如何与不同批次的持续时间设置多个星火流工作? [英] How do you setup multiple Spark Streaming jobs with different batch durations?

查看:227
本文介绍了如何与不同批次的持续时间设置多个星火流工作?的处理方法,对大家解决问题具有一定的参考价值,需要的朋友们下面随着小编来一起学习吧!

问题描述

我们正在将一个大型企业的当前数据架构的开始阶段,我目前正在建设一个Spark流ETL架构中,我们将我们所有的源连接到目的地(源/目标可能是卡夫卡的话题,弗卢姆,HDFS等)通过变换。这看起来是这样的:

We are in the beginning phases of transforming the current data architecture of a large enterprise and I am currently building a Spark Streaming ETL framework in which we would connect all of our sources to destinations (source/destinations could be Kafka topics, Flume, HDFS, etc.) through transformations.
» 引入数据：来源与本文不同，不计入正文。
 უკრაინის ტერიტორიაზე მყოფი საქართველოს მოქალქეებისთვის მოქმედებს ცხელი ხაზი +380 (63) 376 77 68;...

This would look something like:

SparkStreamingEtlManager.addEtl(资料来源,转换*,目的地)
SparkStreamingEtlManager.streamEtl()
streamingContext.start()

的假设是,因为我们应该只有一个SparkContext,我们将部署所有的ETL管道在一个应用程序/瓶。
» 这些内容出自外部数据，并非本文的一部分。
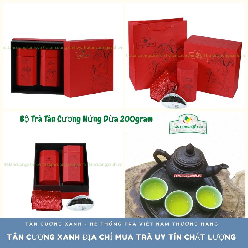 Trà được sử dụng là các búp trà thái nguyên ngon nhất, đảm bảo tiêu chuẩn nước xanh, thơm, ngọt hậu. Với giá bán rất phải chăng là 250 000 vnđ/1 hộp và tặng kèm túi giấy xách ngoài sang trọng thì Hộp Trà Tân Cương Hứng Dừa chính là sản phẩm được nhiều quý khách hàng lựa chọn nhất
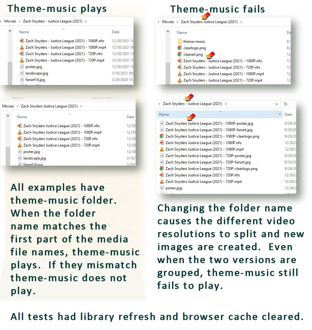 visproduction 315 Posted August 25, 2022 Author Posted August 25, 2022 Theme-music fails Folder: John Smith War and Peace (1949) Media file name: John Smith - War and Peace (1949) - 1080P (Extra dash after John Smith) Sub folder: theme-music: Media File name: Music from War and Peace.mp3 === Theme-music works: Just change media file name to match foloder name with no extra dash after John Smith: Folder: John Smith War and Peace (1949) Media file name: John Smith War and Peace (1949) - 1080P Sub folder: theme-music Nothing is changed, the file name is the same: Music from War and Peace.mp3 You have to manually change the media file name to cause this error. If you let Ebmy pull from the media name, I think it works. If you have two dashes in a name, then the pull down choices are no longer just 720P and 1080P. That is what caused me to edit the file names. Only Media name - 1080P and Media name - 720P results in seeing only 1080P and 720P in the pull down selection on the media page. Obviously this is an edge case and probably can be ignored.
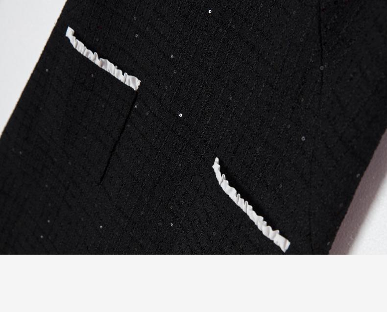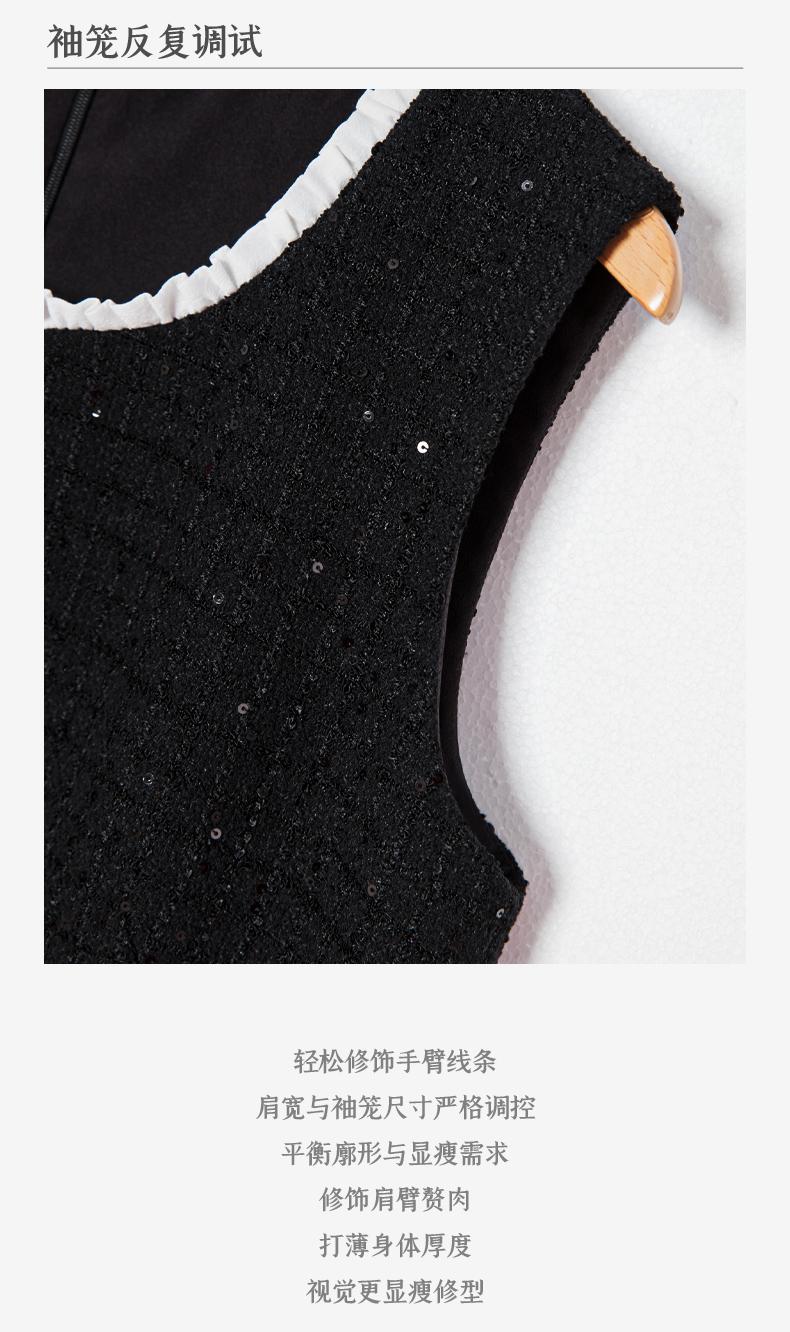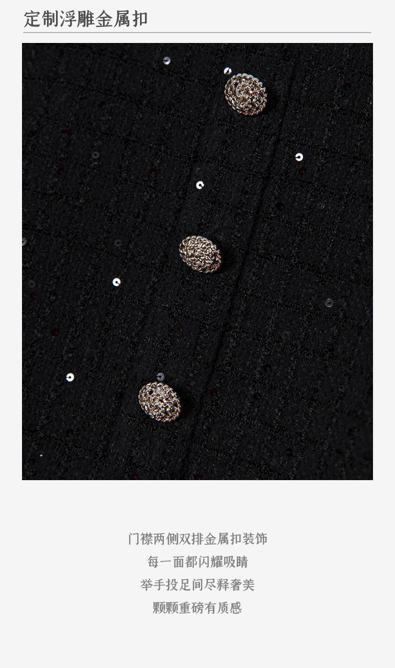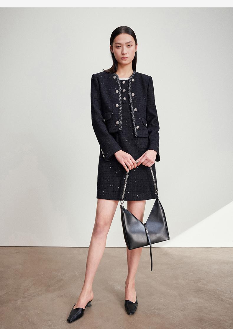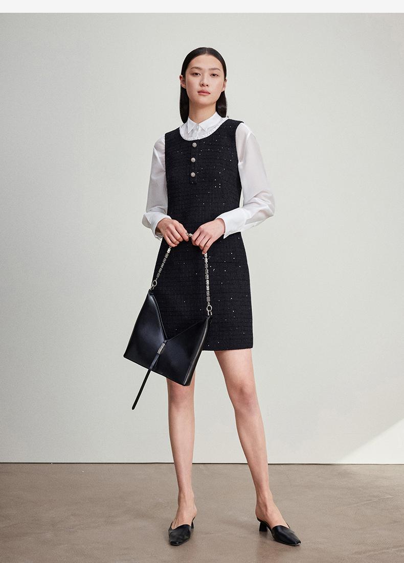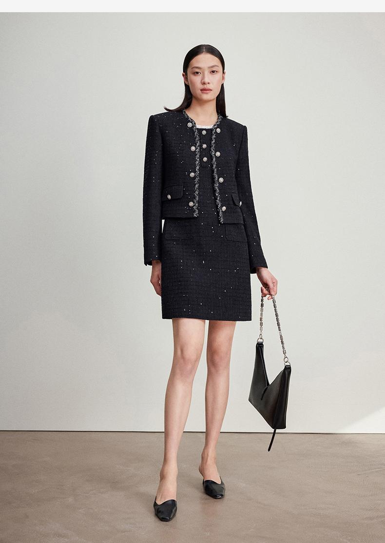 西嘉C+IMPRESS/西嘉暗格肌理亮片黑色小香风背心裙女荷叶边领口连衣裙LYQ2401066

The assumptions is that, since we should only have one SparkContext, we would deploy all of the ETL pipelines in one application/jar.

这里的问题是,batchDuration是上下文本身不是ReceiverInputDStream的属性和(这是为什么?)。我们是否需要因此拥有多个星火集群,或允许多个SparkContexts和部署多个应用程序?是否有任何其他的方式来控制每个接收器批次持续时间?

The problem with this is that the batchDuration is an attribute of the context itself and not of the ReceiverInputDStream (Why is this?). Do we need to therefore have multiple Spark Clusters, or, allow for multiple SparkContexts and deploy multiple applications? Is there any other way to control the batch duration per receiver?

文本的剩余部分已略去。